▶ What is expected
Starting at the line with "SRW) (Standard) (644)" and going on through the line with "Fig. 12. Gekko kuhlii", reproduce each line in the records below exactly and nothing more.

▶ Records
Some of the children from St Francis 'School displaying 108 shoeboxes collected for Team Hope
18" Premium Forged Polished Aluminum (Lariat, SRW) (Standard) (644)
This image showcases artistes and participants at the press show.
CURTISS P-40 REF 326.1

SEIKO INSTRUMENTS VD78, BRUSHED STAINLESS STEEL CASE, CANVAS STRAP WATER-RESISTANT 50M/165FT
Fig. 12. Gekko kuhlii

==

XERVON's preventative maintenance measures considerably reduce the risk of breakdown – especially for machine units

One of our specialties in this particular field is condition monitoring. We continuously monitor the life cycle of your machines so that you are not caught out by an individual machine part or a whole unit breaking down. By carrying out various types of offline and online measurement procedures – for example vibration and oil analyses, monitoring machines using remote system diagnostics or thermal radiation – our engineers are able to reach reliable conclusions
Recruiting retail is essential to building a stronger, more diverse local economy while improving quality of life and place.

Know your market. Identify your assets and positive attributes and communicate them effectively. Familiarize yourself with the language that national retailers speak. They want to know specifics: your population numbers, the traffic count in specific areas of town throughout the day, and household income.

▶ Solution
18" Premium Forged Polished Aluminum (Lariat, SRW) (Standard) (644)
This image showcases artistes and participants at the press show.
CURTISS P-40 REF 326.1

SEIKO INSTRUMENTS VD78, BRUSHED STAINLESS STEEL CASE, CANVAS STRAP WATER-RESISTANT 50M/165FT
Fig. 12. Gekko kuhlii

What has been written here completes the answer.